NEW YORK, July 31 /PRNewswire-FirstCall/ -- NYMEX Holdings (NYSE: NMX),
parent company of the New York Mercantile Exchange, Inc., today announced that
Glass Lewis & Co. and Proxy Governance, two leading proxy advisory firms, have
recommended that NYMEX shareholders vote 'FOR' the acquisition by CME Group at
the Special Shareholders Meeting scheduled for August 18.
In making its recommendation, Glass Lewis stated, 'Consolidation among
exchange operators continues to be a viable growth strategy. The transaction
will result in a more competitive exchange, offers NYMEX Holdings shareholders
a financially fair consideration and is expected to be accretive to earnings
for the surviving shareholders of CME Group.'
The Glass Lewis report concluded: '... we recommend that shareholders of
each company vote FOR this proposal.'
The Board of Directors of NYMEX Holdings recommends that shareholders vote
'FOR' the adoption of the agreement and plan of merger.
About NYMEX Holdings, Inc.
NYMEX Holdings, Inc. (NYSE: NMX) is the parent company of New York
Mercantile Exchange, Inc., the world's largest physical commodities exchange,
offering futures and options trading in energy, metals and other contracts and
clearing services for more than 400 off-exchange contracts. Through a hybrid
model of open outcry floor trading and electronic trading on the CME Globex(R)
electronic platform, as well as clearing off-exchange instruments through
NYMEX ClearPort(R) Clearing, NYMEX offers crude oil, petroleum products,
natural gas, coal, electricity, gold, silver, copper, aluminum, platinum group
metals, emissions, and soft commodities contracts for trading and clearing
virtually 24 hours each day. Further information about NYMEX Holdings, Inc.

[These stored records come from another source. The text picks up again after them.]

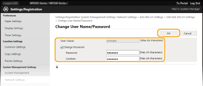 Iestatiet lietotājvārdu/paroli un noklikšķiniet uz [OK].
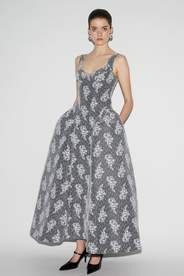 FRANCINE DRESS BONDED LACE MESH BLACK AND WHITE
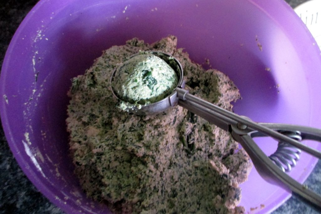 Using a large ice cream scoop (diameter 2 inches), scoop the mixture and roll it between the palms of your hands just like making a meatball.
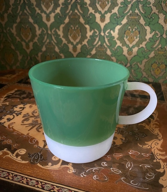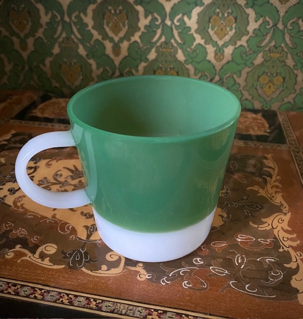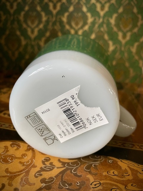 Hild grønn/hvit glasskopp/krus med hank Local Chef Kopp i pent brukt stand. Delikat jadegrønn og hvit farge. Mål H8,2x Ø9,0 cm. NOK60,00 inkl. mva. På lager: 4 stk. Kjøp Ønskeliste Del dette Produktinfo Varen kan sendes eller hentes etter avtale på butikklageret i Tysvær NB! man får spørsmål om hente/sending først etter at man har registrert adressen. Fast fraktpris 73 kr for kjøp < 1000 kr og gratis frakt ved kjøp ≥ 1000 kr (Begge alternativene gjelder for forsendelser med vekt 0-10 kg). Har du bestilt, men hører ikke noe i fra meg? Sjekk mappen for spam mail.
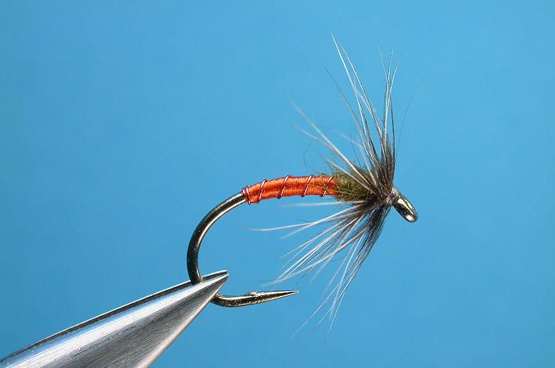 | Hackle: | Whiting Coq de Leon hen, dark pardo |
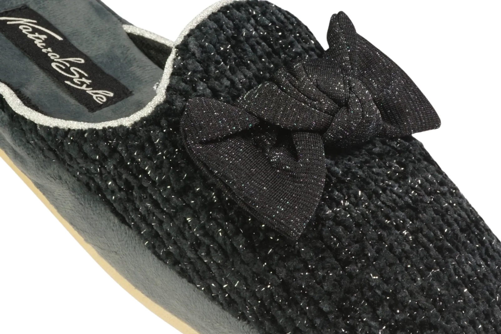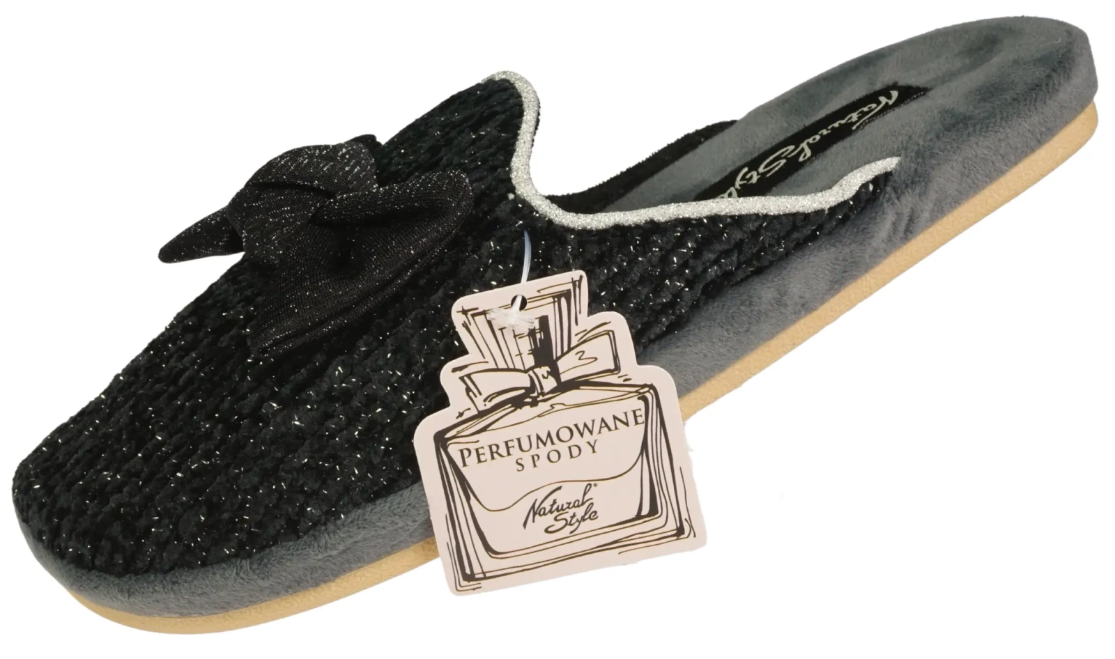 Damskie pantofle tekstylne firmy Meteor w czarnym kolorze z ozdobną kokardą na przodzie. Kapcie damskie wykonane zostały z miękkiego tekstylnego materiału. Wewnątrz obuwie zostało wykończone materiałem, który dba o ciepło i dodaje zimowego charakteru. Pantofle posiadają miękką podeszwę z PVC, która dba o wygodę i komfort użytkowanie oraz tworzy produkt lekkim. Zamknięte przody i materiał z jakiego zostały wykonane gwarantują ciepło oraz wygodę. Kapcie damskie w klasycznym stylu są idealnym pomysłem na prezent. Wybierz je dla siebie lub dla swoich bliskich! Sprawdzą się idealnie w chłodne dni jako obuwie domowe. To praktyczne i modne obuwie domowe, łączące wygodę z nowoczesną estetyką – idealne na sezon jesienno-zimowy.
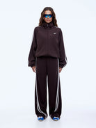 The Valentina Zip Thru is crafted in a smooth rayon blend with a relaxed, sporty silhouette, finished in cocoa for an elevated everyday layer. Designed with a two-way zip, raglan sleeves and contrast sleeve stripe detailing, it features elasticated cuffs and an adjustable hem with drawcord toggles to wear loose or cinched. Welt pockets and stacked Ena Pelly logo prints complete the confident, street ready feel.
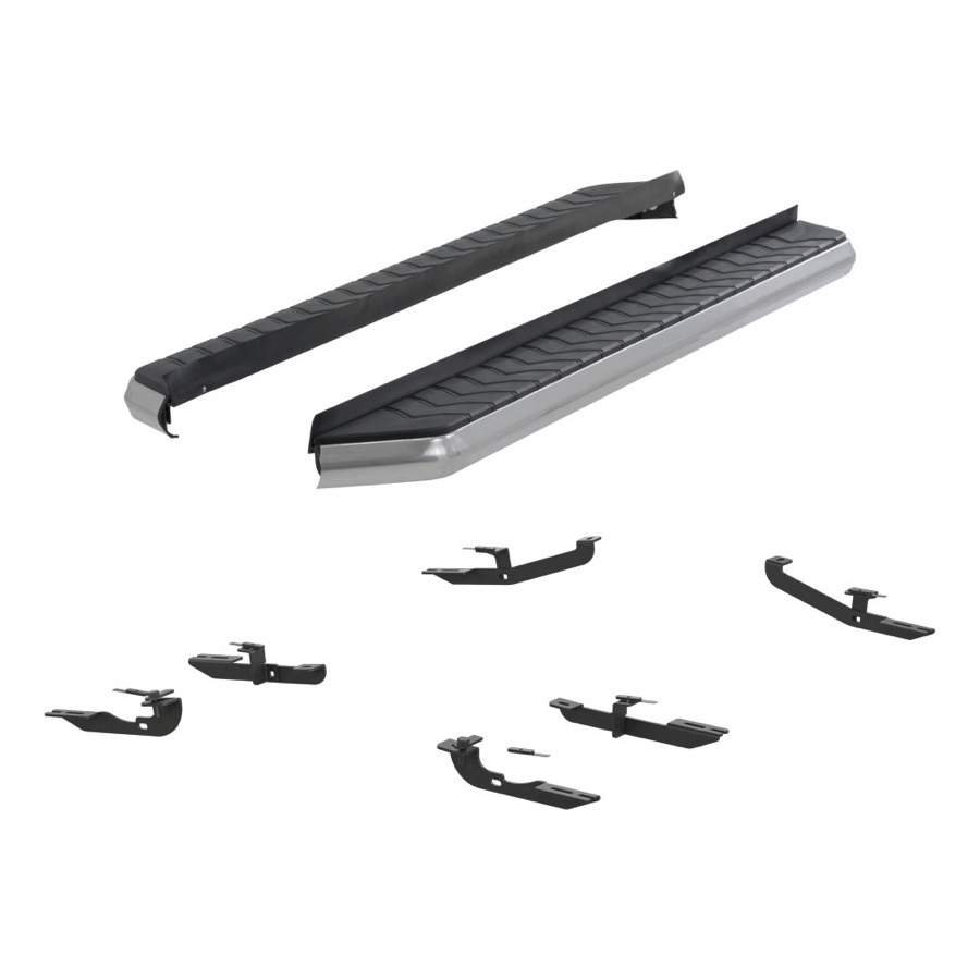 With stainless steel trim and your choice of a carbide black powder coat or stainless finish, these boards look great and remain fully corrosion-resistant for years to come. You'll get a timeless (and easy) exterior upgrade for your SUV with these side steps. The Aries AeroTread Running Boards come in pairs and are supported by a 3-Year Warranty.
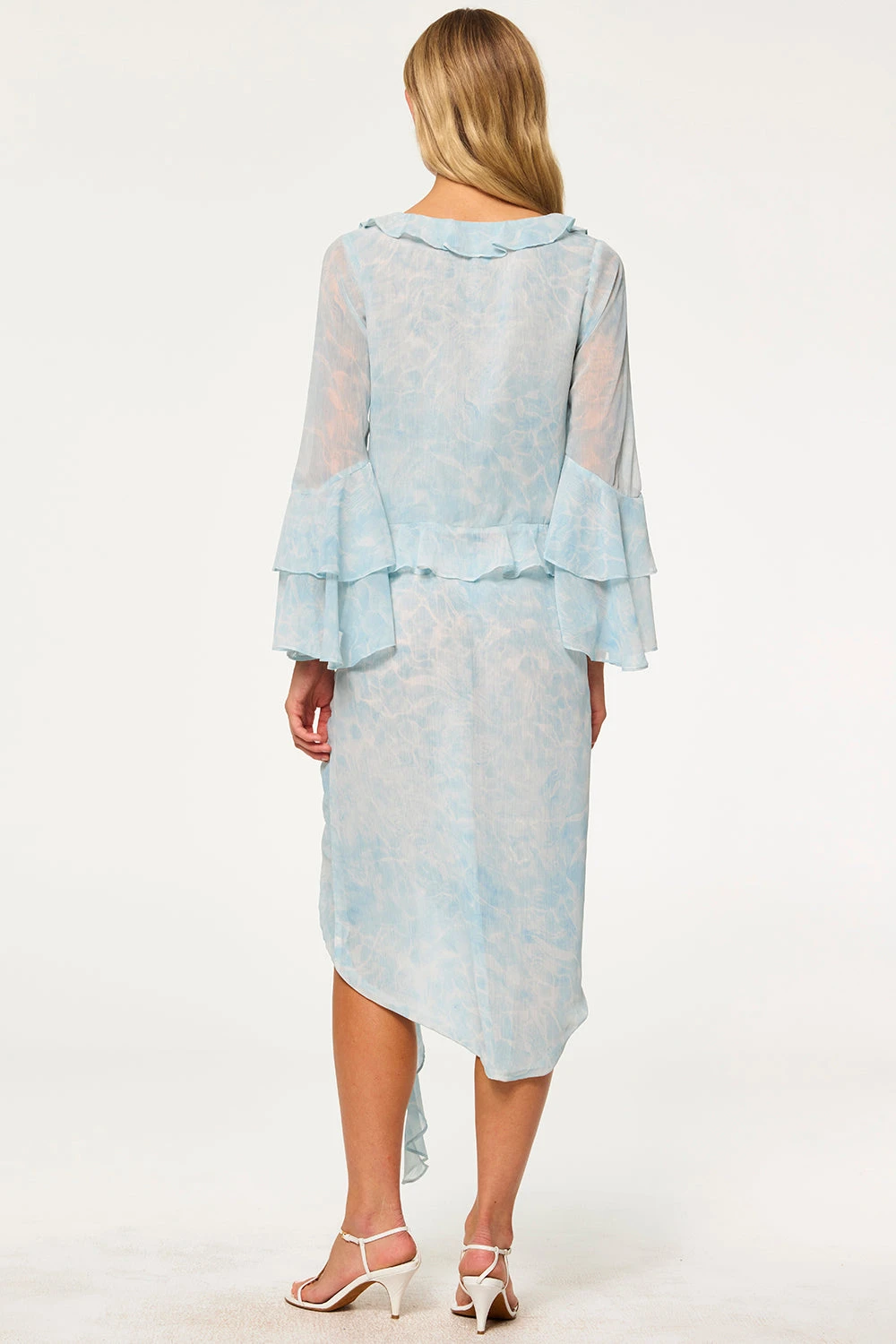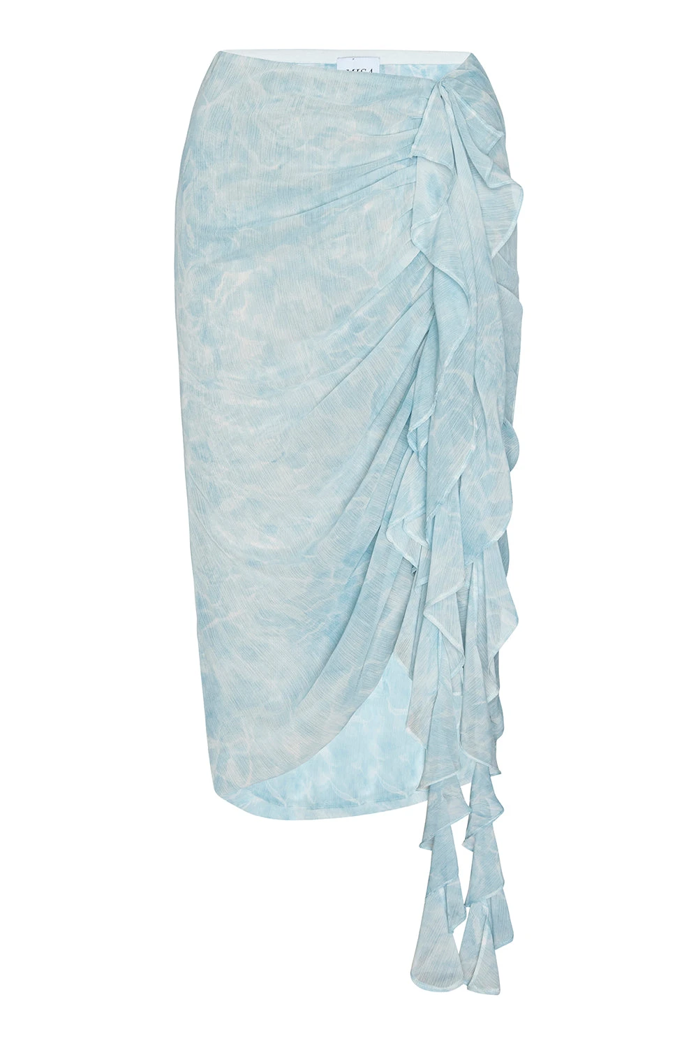 Farida is a feminine midi-length pencil skirt cut from airy Acqua Blue chiffon. Designed with gathered detailing at the waist and hem, it’s finished with flowing chiffon ribbons and an asymmetric hemline for graceful movement. A hidden side zip ensures a smooth fit. Pair with the coordinating Ceria Top for an effortlessly chic look, whether dressed up or worn casually.
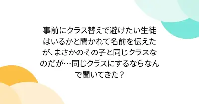 事前にクラス替えで避けたい生徒はいるかと聞かれて名前を伝えたが、まさかのその子と同じクラスなのだが…同じクラスにするならなんで聞いてきた?
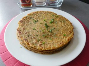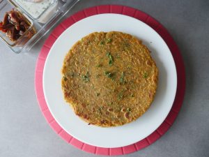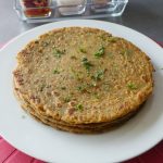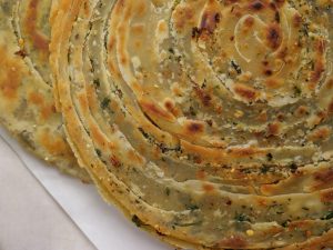Knead dough again,take a small dough,grease hands with oil and make a ball,sprinkle dry flour,add & spread cooking oil and roll out with the help of rolling pin.
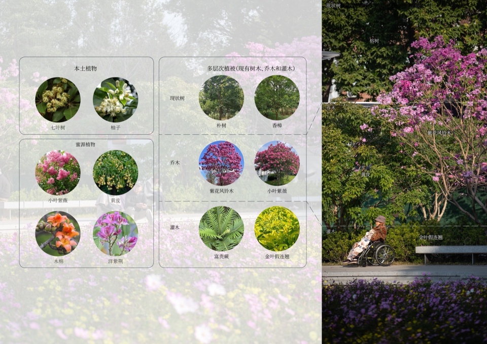 All original mature trees on the site are preserved, and 80% of new plantings are sourced from the original park species and local varieties, ensuring ecological continuity.
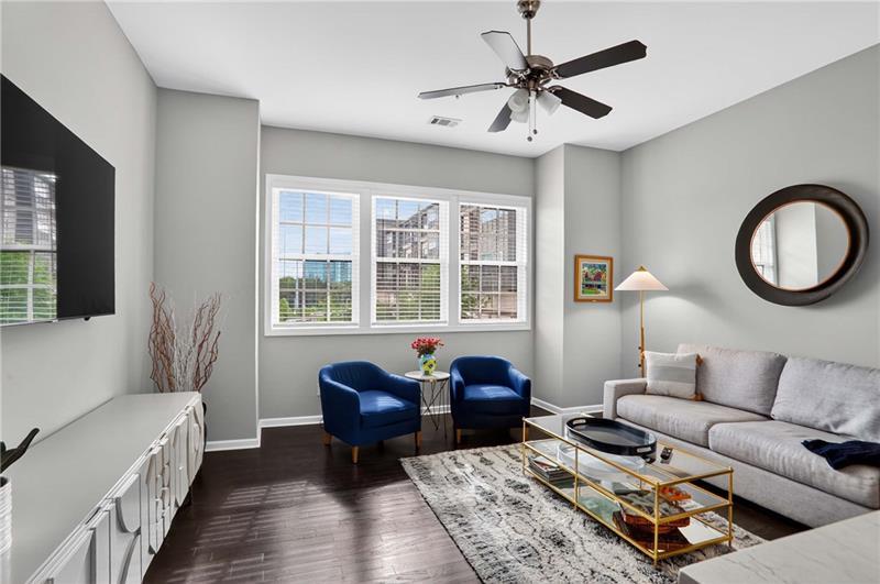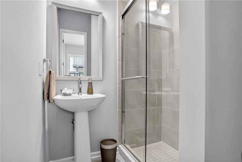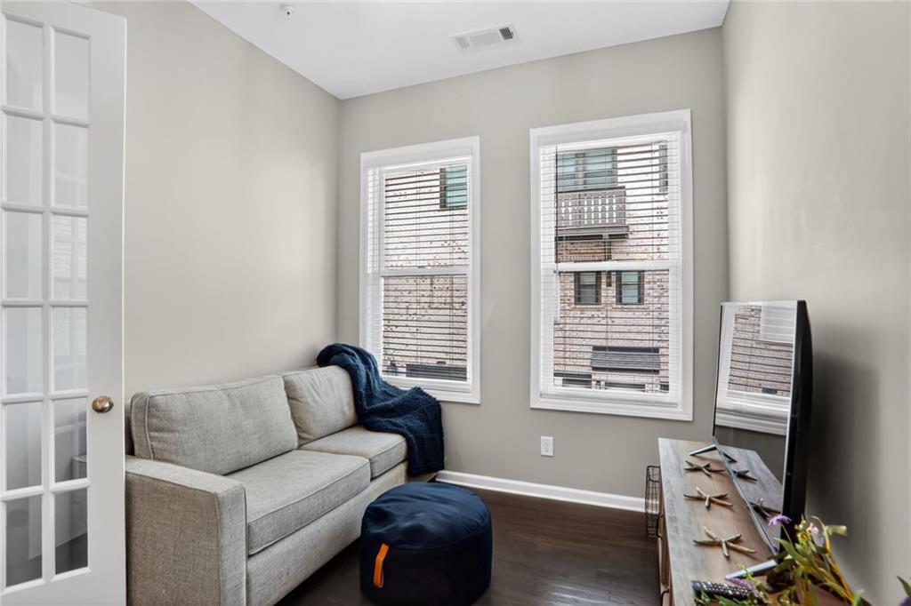 Discover this stunning 2-bedroom, 2.5-bathroom townhome in the heart of the highly coveted community of Aria South in Sandy Springs, perfectly situated within walking distance to MARTA, upscale shops, top restaurants, and the Mercedes-Benz headquarters. Nestled in a boutique building of only five units, this home offers a rare combination of privacy, convenience, and designer finishes. Step inside through the foyer to find pristine hardwoods throughout all three levels. Upon entry discover a versatile secondary bedroom with a full en-suite bath, ideal for guests or a home office. The main level boasts an open-concept floor plan with a spacious living room, dining for four, and a gourmet kitchen featuring upgraded Wellborn cabinetry, stainless steel appliances, a dramatic stone waterfall island, and designer lighting. A stylish half bath and a private balcony complete this level, offering the perfect flow for everyday living or entertaining. On the upper floor, retreat to the expansive primary suite, complete with a luxury bathroom showcasing dual sinks, abundant counter space, an oversized shower, a separate water closet, and a generous walk-in closet with full-size washer and dryer. One of the home's most unique features is the oversized tandem garage, offering an additional alcove perfect for a home gym or secondary office space. The quiet community also includes a sparkling pool, ideal for warm summer days. With its unbeatable location just off GA-400, you'll enjoy easy access to everything Sandy Springs and Atlanta have to offer-making this property the perfect blend of comfort, style, and convenience.

and the New York Mercantile Exchange, Inc. is available on the NYMEX website
at http://www.nymex.com.
Forward Looking Statements
This press release may contain forward-looking information regarding CME
Group Inc. ('CME Group') and NYMEX Holdings, Inc. ('NYMEX Holdings') and the
combined company after the completion of the merger that are intended to be
covered by the safe harbor for 'forward-looking statements' provided by the
Private Securities Litigation Reform Act of 1995. These statements include,
but are not limited to, the benefits of the business combination transaction
involving CME Group and NYMEX Holdings, including future financial and
operating results, the new company's plans, objectives, expectations and
intentions and other statements that are not historical facts.